To do: Every record below should be printed exactly, except for the pictures.

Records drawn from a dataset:
=-=-=-=-=

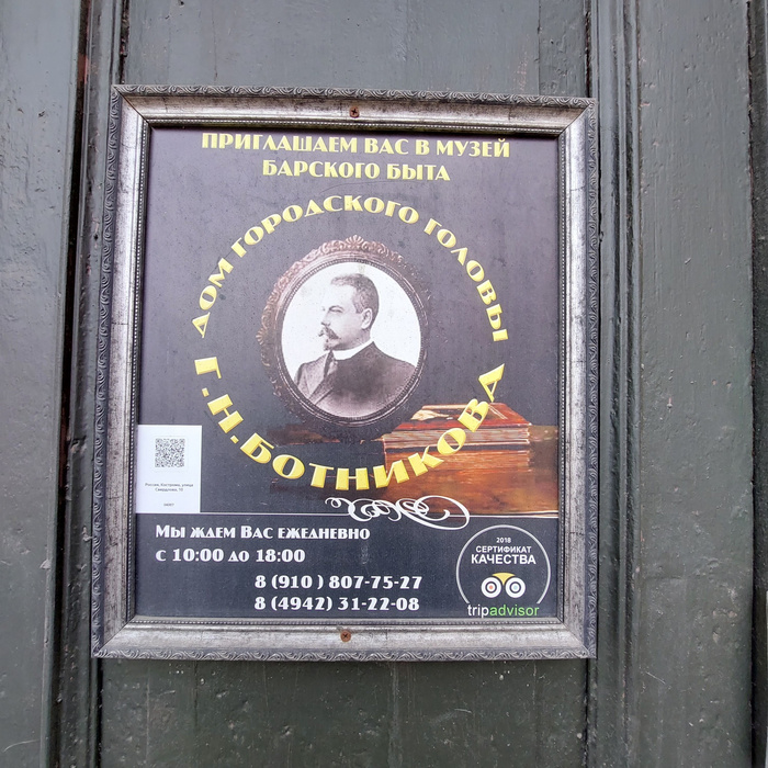 Официально музей называется Дом городского головы Г.Н.Ботникова. этот господин действительно жил в этом доме и 14 лет управлял Костромой. Никогда не был женат, но всю жизнь прожил с одной женщиной и имел с ней сына. Начинал как купец третьей гильдии, но быстро добрался до первой. Владел недвижимостью по всей Костроме и был одним из богатейших людей в городе. В революцию все потерял и пробовал эмигрировать. Не срослось. Вернулся в Кострому и умер здесь в бедности у дальних родственников гражданской жены. А вот несостоявшаяся супруга после октябрьских событий подалась в Москву и там у неё все очень хорошо сложилось. Дело в том, что она "из простых", выучена была на белошвейку и в сожительстве с Ботниковым ремесло не бросала. В Москве она стала обшивать жен новой власти и дожила до преклонных лет в относительном достатке. На этом про Ботниковых все. А дальше начинается самое интересное. IP: Logged |
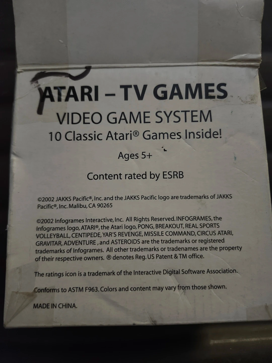 10Selling an Atari TV Games video game system. It includes 10 classic Atari games and is suitable for ages 5+. Content is rated by ESRB. Made in China.
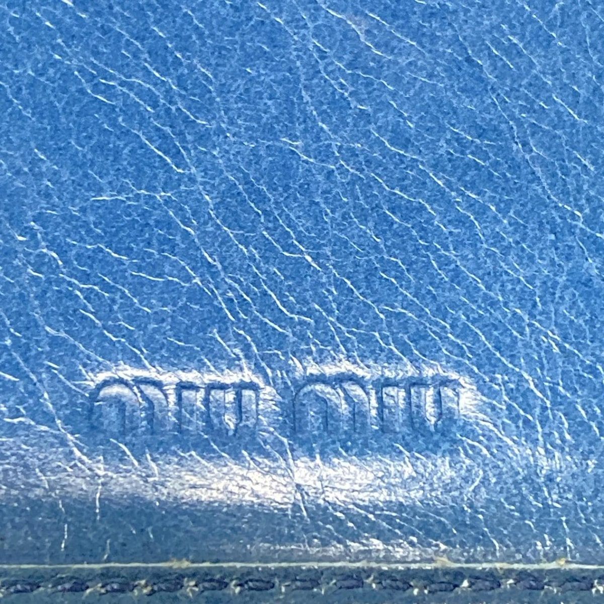 miumiu ミュウミュウ 3つ折り財布 - ブルー リボン 内側ミラー付き レザー
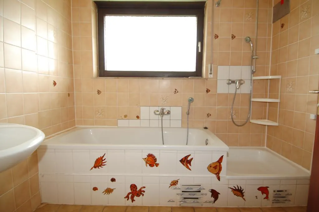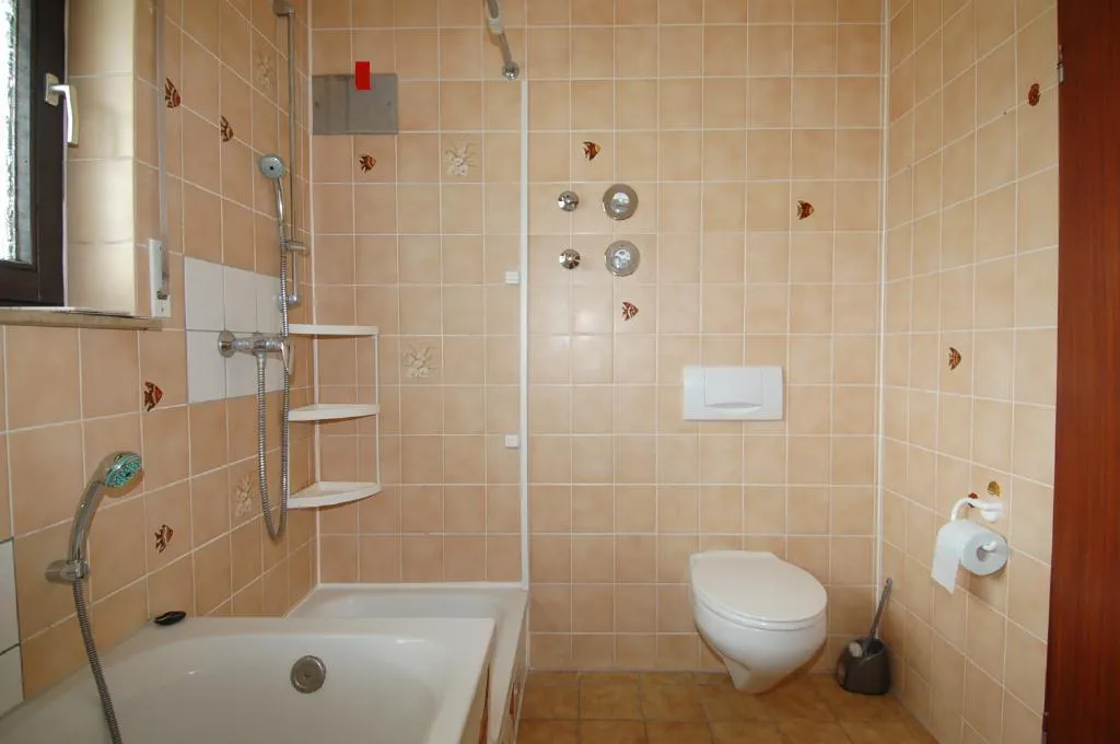 Im Flur, in der Küche, im Wohnzimmer, im WC und im Badezimmer wurde ein Fliesenboden verlegt. Im Schlaf- und Arbeitszimmer ist Laminat verlegt. Das Badezimmer ist raumhoch gefliest und ausgestattet mit einem Fenster, einer Wanne, einer Dusche und einem WC.
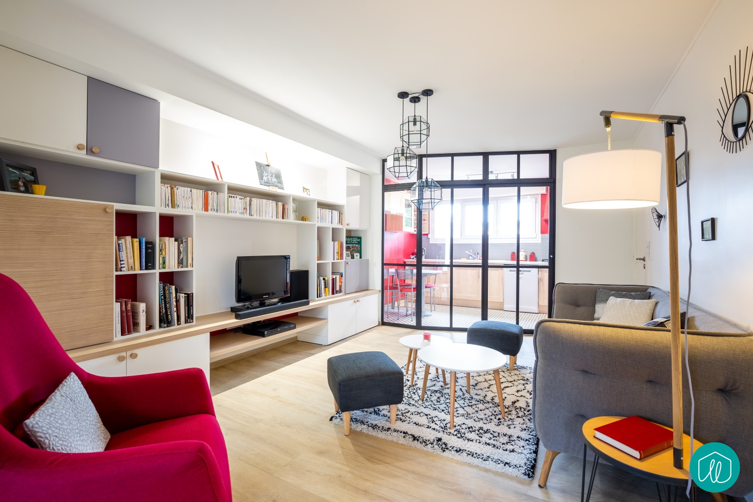 La décoration et les meubles ne convenaient plus aux propriétaires des lieux. Ils souhaitaient un mobilier fonctionnel et adapté à leur besoin de rangements, créer un coin bureau et un meuble TV.
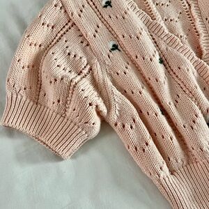 Stay cozy and stylish with this soft pink knit cardigan. Perfect for layering, this sweater adds a touch of elegance to any outfit.
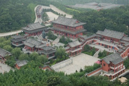 盤山五峰又稱五臺,紫蓋峰為中臺,自來峰為北臺,九華峰為東臺,舞劍峰為西臺,先師臺為南臺。自唐朝佛教的興起,盤山陸續(xù)修建了72座寺廟,13座玲瓏寶塔。因此,歷代帝王將相進山參禪禮佛絡繹不絕,成為佛教的圣地。與山西佛教圣地“五臺山”東西對應,稱“東五臺山”。中國佛教協(xié)會會長趙樸初手書的“東五臺山”就刻翠屏峰上,宿云亭旁邊有天津著名書法家題寫的“氣象萬千”四個大字,為雞毛隸書。
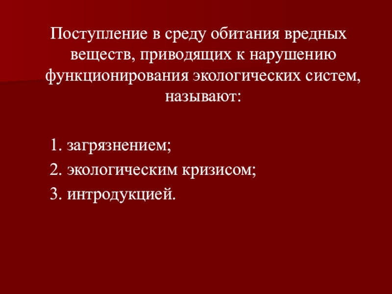 Поступление в среду обитания вредных веществ, приводящих к нарушению функционирования экологических систем, называют:   1.
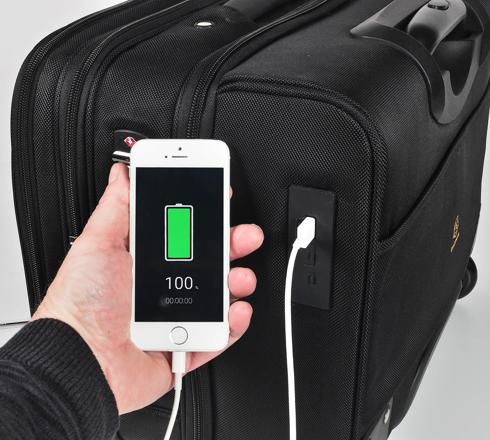 Mit ausziehbarem Teleskopgriff in einem Reißverschlussfach. Mit Schlaufe am Rücken für die Befestigung der Tasche am Teleskopgriff eines Koffers. Wird von den meisten Fluggesellschaften als Handgepäck akzeptiert.
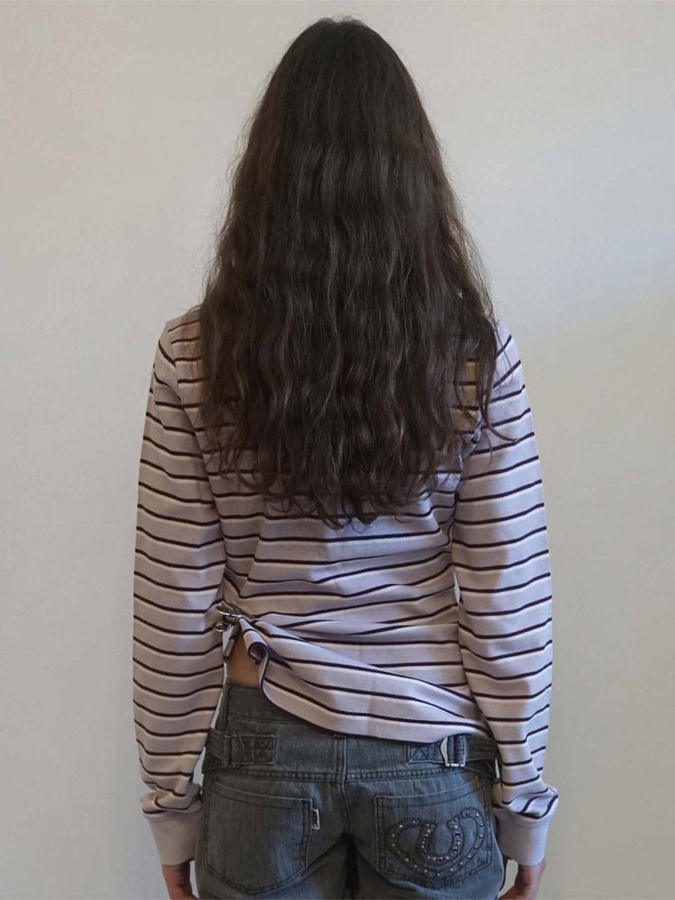 Shirring Tennis Shirt Lavender Stripe
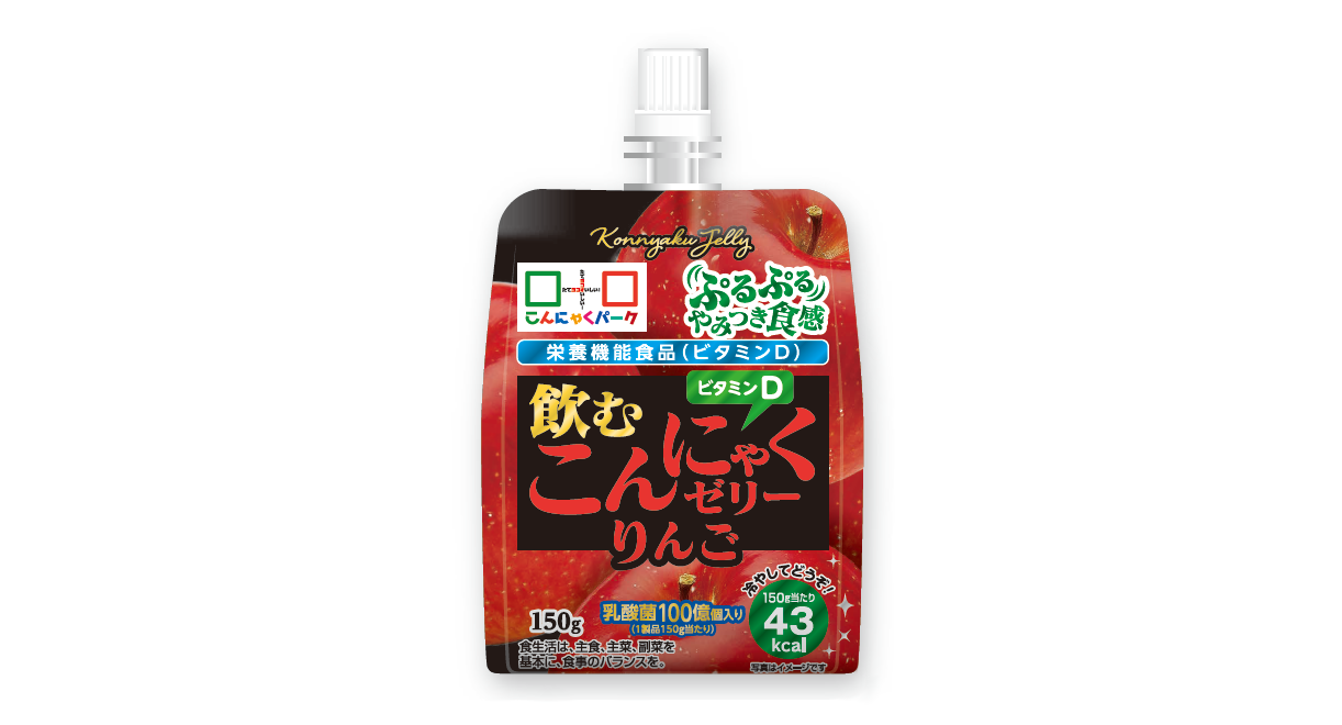 プルっとした食感の蒟蒻ゼリーりんご味です。ビタミンDとカルシウムが入った栄養機能食品です。
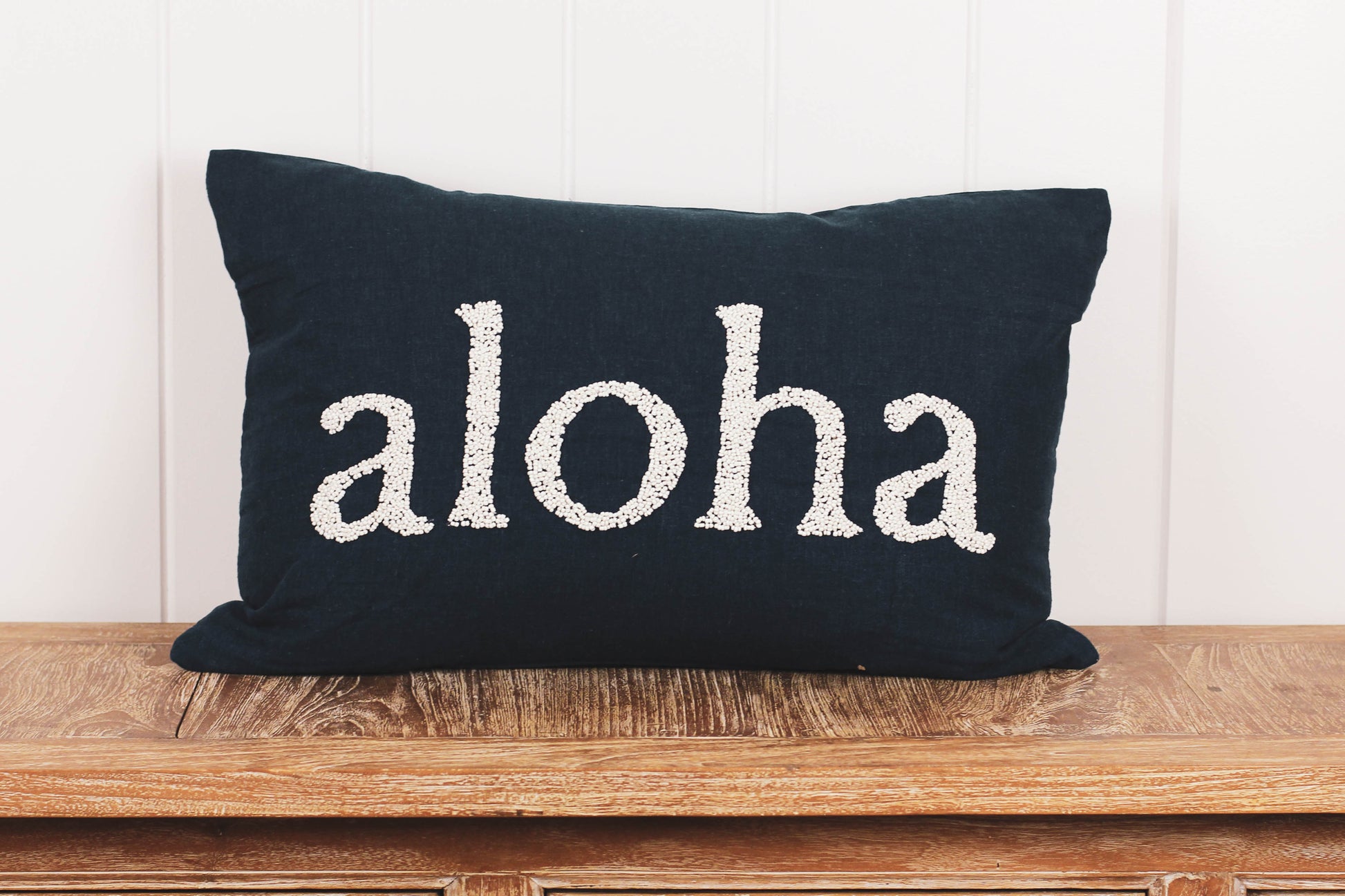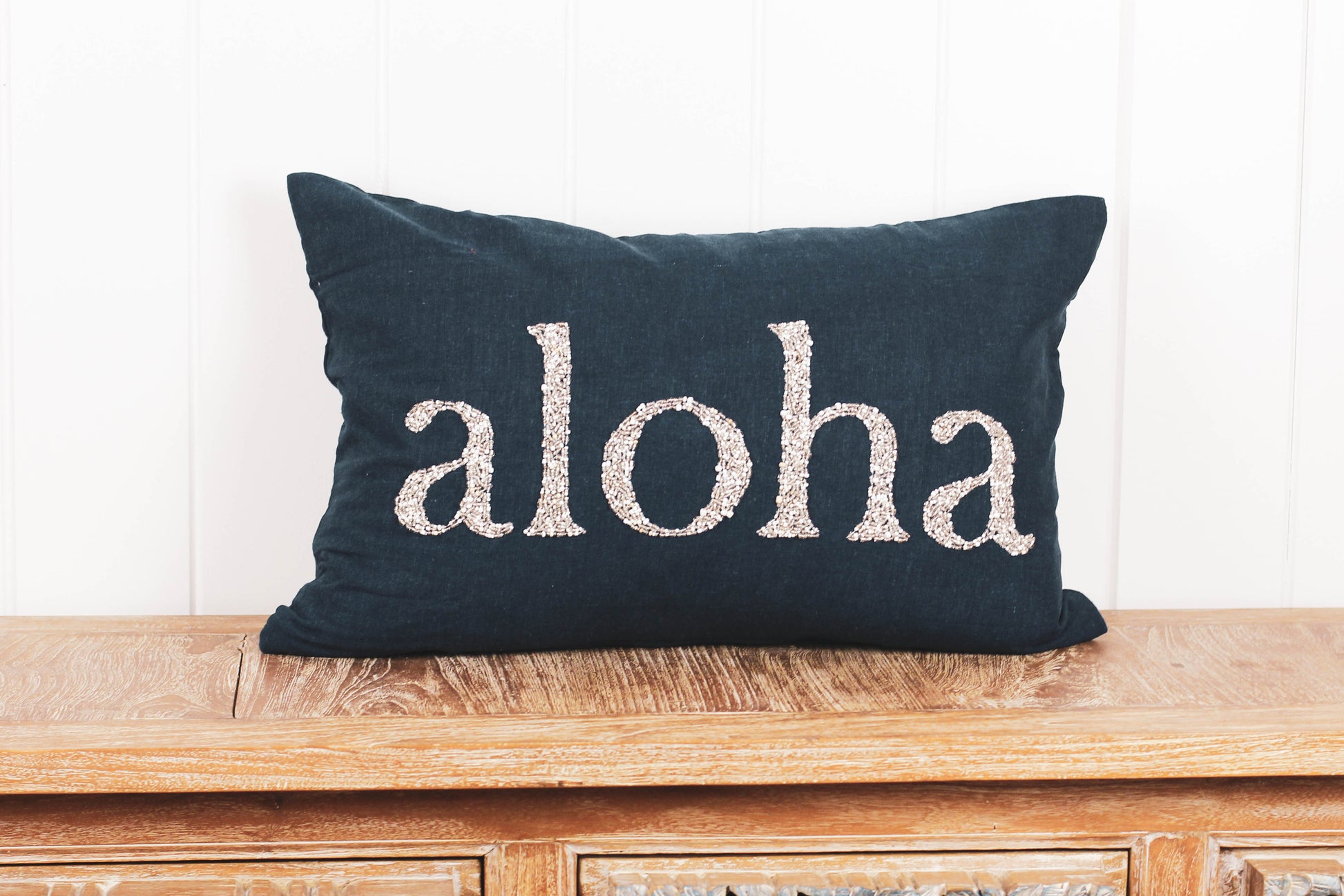 - 100% natural linen with tiny pearlized shell beads forming the word "aloha"
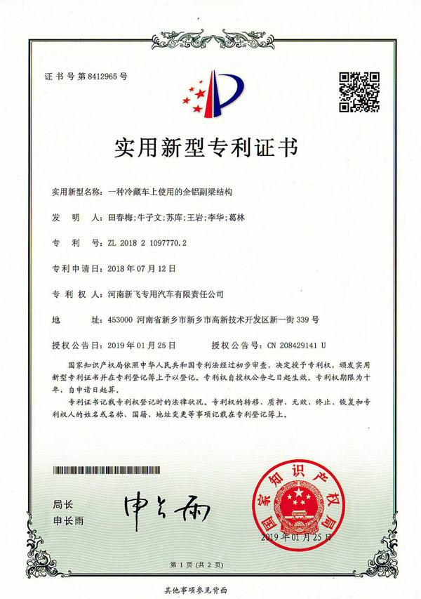 一種冷藏車上使用的全鋁副梁結(jié)構(gòu)
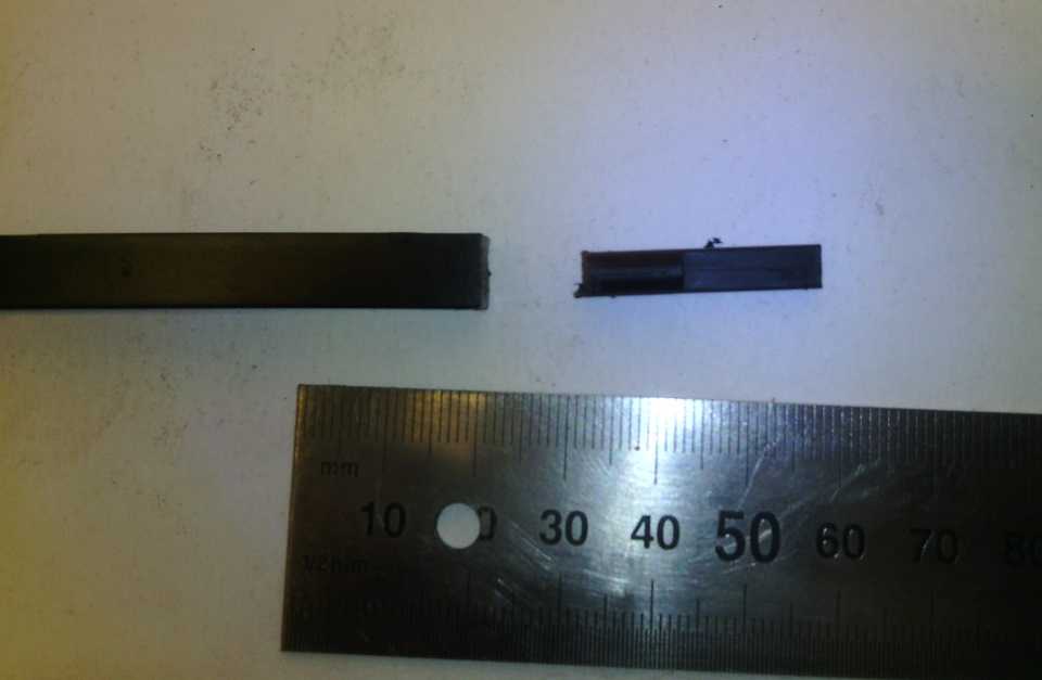Обломанная ось замка бардачка выглядит следующим образом. Ее облом приводит к перекосу крышки и увеличению зазоров относительно основной части панели приборов.

=-=-=-=-=

The answer:
 Официально музей называется Дом городского головы Г.Н.Ботникова. этот господин действительно жил в этом доме и 14 лет управлял Костромой. Никогда не был женат, но всю жизнь прожил с одной женщиной и имел с ней сына. Начинал как купец третьей гильдии, но быстро добрался до первой. Владел недвижимостью по всей Костроме и был одним из богатейших людей в городе. В революцию все потерял и пробовал эмигрировать. Не срослось. Вернулся в Кострому и умер здесь в бедности у дальних родственников гражданской жены. А вот несостоявшаяся супруга после октябрьских событий подалась в Москву и там у неё все очень хорошо сложилось. Дело в том, что она "из простых", выучена была на белошвейку и в сожительстве с Ботниковым ремесло не бросала. В Москве она стала обшивать жен новой власти и дожила до преклонных лет в относительном достатке. На этом про Ботниковых все. А дальше начинается самое интересное. IP: Logged |
 10Selling an Atari TV Games video game system. It includes 10 classic Atari games and is suitable for ages 5+. Content is rated by ESRB. Made in China.
 miumiu ミュウミュウ 3つ折り財布 - ブルー リボン 内側ミラー付き レザー
 Im Flur, in der Küche, im Wohnzimmer, im WC und im Badezimmer wurde ein Fliesenboden verlegt. Im Schlaf- und Arbeitszimmer ist Laminat verlegt. Das Badezimmer ist raumhoch gefliest und ausgestattet mit einem Fenster, einer Wanne, einer Dusche und einem WC.
 La décoration et les meubles ne convenaient plus aux propriétaires des lieux. Ils souhaitaient un mobilier fonctionnel et adapté à leur besoin de rangements, créer un coin bureau et un meuble TV.
 Stay cozy and stylish with this soft pink knit cardigan. Perfect for layering, this sweater adds a touch of elegance to any outfit.
 盤山五峰又稱五臺,紫蓋峰為中臺,自來峰為北臺,九華峰為東臺,舞劍峰為西臺,先師臺為南臺。自唐朝佛教的興起,盤山陸續(xù)修建了72座寺廟,13座玲瓏寶塔。因此,歷代帝王將相進山參禪禮佛絡繹不絕,成為佛教的圣地。與山西佛教圣地“五臺山”東西對應,稱“東五臺山”。中國佛教協(xié)會會長趙樸初手書的“東五臺山”就刻翠屏峰上,宿云亭旁邊有天津著名書法家題寫的“氣象萬千”四個大字,為雞毛隸書。
 Поступление в среду обитания вредных веществ, приводящих к нарушению функционирования экологических систем, называют:   1.
 Mit ausziehbarem Teleskopgriff in einem Reißverschlussfach. Mit Schlaufe am Rücken für die Befestigung der Tasche am Teleskopgriff eines Koffers. Wird von den meisten Fluggesellschaften als Handgepäck akzeptiert.
 Shirring Tennis Shirt Lavender Stripe
 プルっとした食感の蒟蒻ゼリーりんご味です。ビタミンDとカルシウムが入った栄養機能食品です。
 - 100% natural linen with tiny pearlized shell beads forming the word "aloha"
 一種冷藏車上使用的全鋁副梁結(jié)構(gòu)
Обломанная ось замка бардачка выглядит следующим образом. Ее облом приводит к перекосу крышки и увеличению зазоров относительно основной части панели приборов.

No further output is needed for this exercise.